TASK:
Take the whole listing and reproduce it exactly, pictures excepted.

RAW DATA:
____________

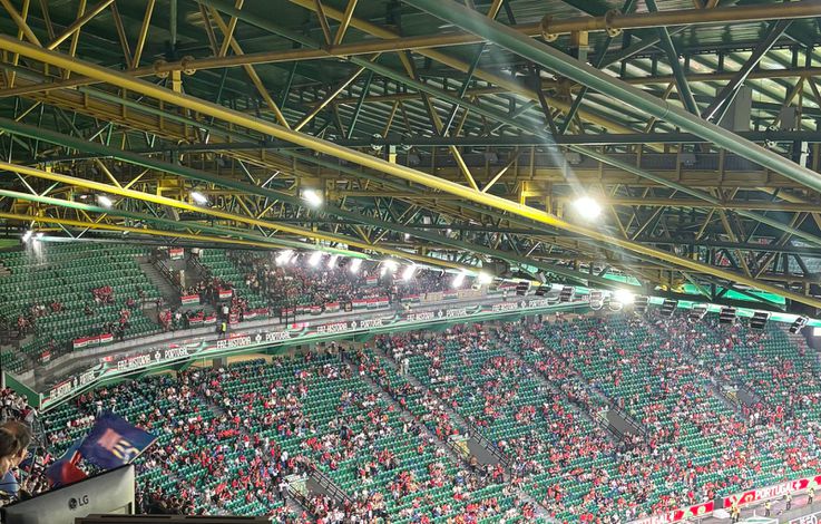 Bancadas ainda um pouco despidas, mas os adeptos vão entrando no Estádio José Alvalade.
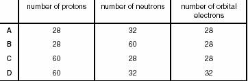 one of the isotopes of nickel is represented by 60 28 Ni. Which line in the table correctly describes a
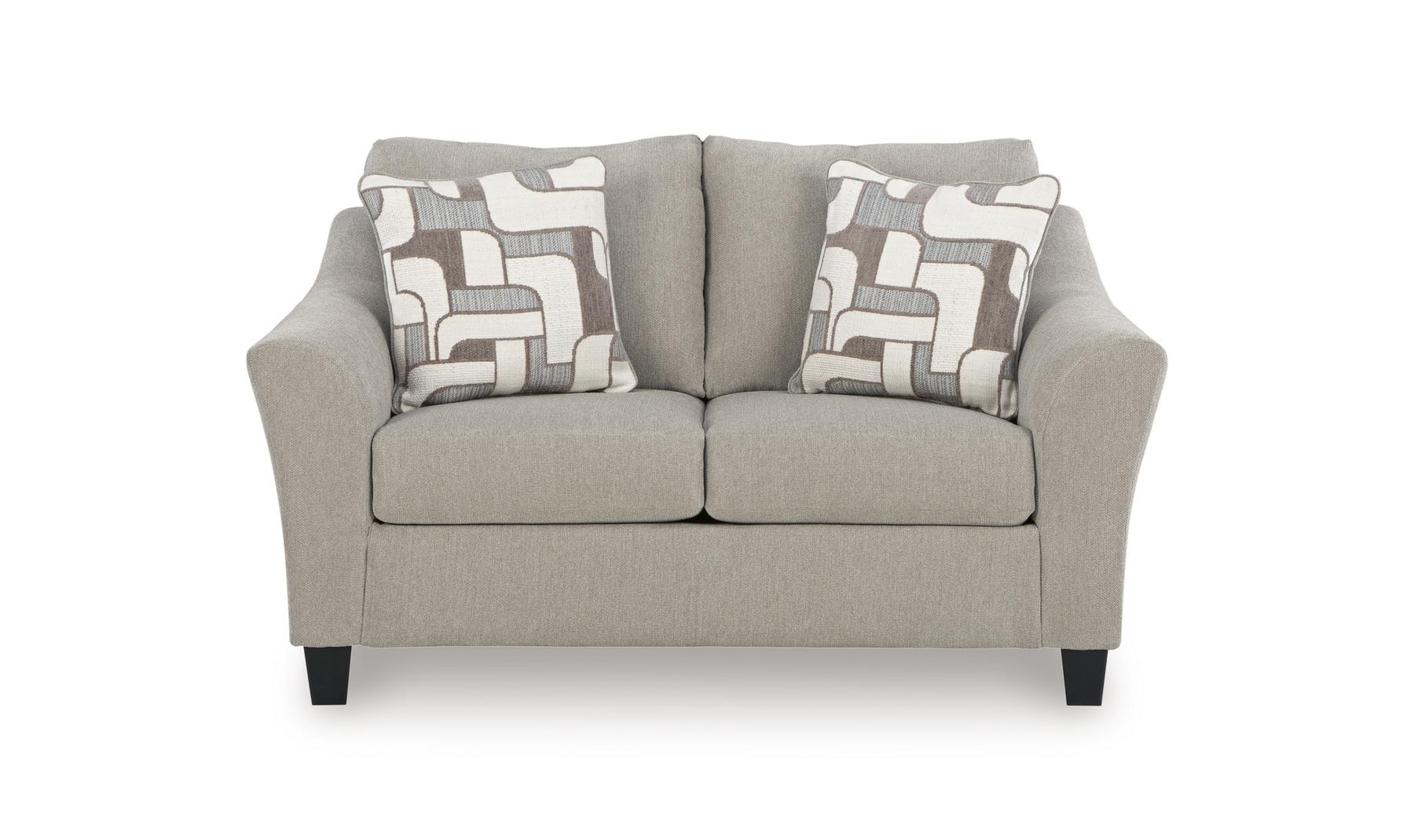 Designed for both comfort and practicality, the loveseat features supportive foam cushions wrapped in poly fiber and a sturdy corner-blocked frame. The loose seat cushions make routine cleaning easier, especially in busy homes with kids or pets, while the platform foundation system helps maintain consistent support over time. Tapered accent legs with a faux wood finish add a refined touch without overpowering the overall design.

____________

PROBLEM SOLUTION:
 Bancadas ainda um pouco despidas, mas os adeptos vão entrando no Estádio José Alvalade.
 one of the isotopes of nickel is represented by 60 28 Ni. Which line in the table correctly describes a
 Designed for both comfort and practicality, the loveseat features supportive foam cushions wrapped in poly fiber and a sturdy corner-blocked frame. The loose seat cushions make routine cleaning easier, especially in busy homes with kids or pets, while the platform foundation system helps maintain consistent support over time. Tapered accent legs with a faux wood finish add a refined touch without overpowering the overall design.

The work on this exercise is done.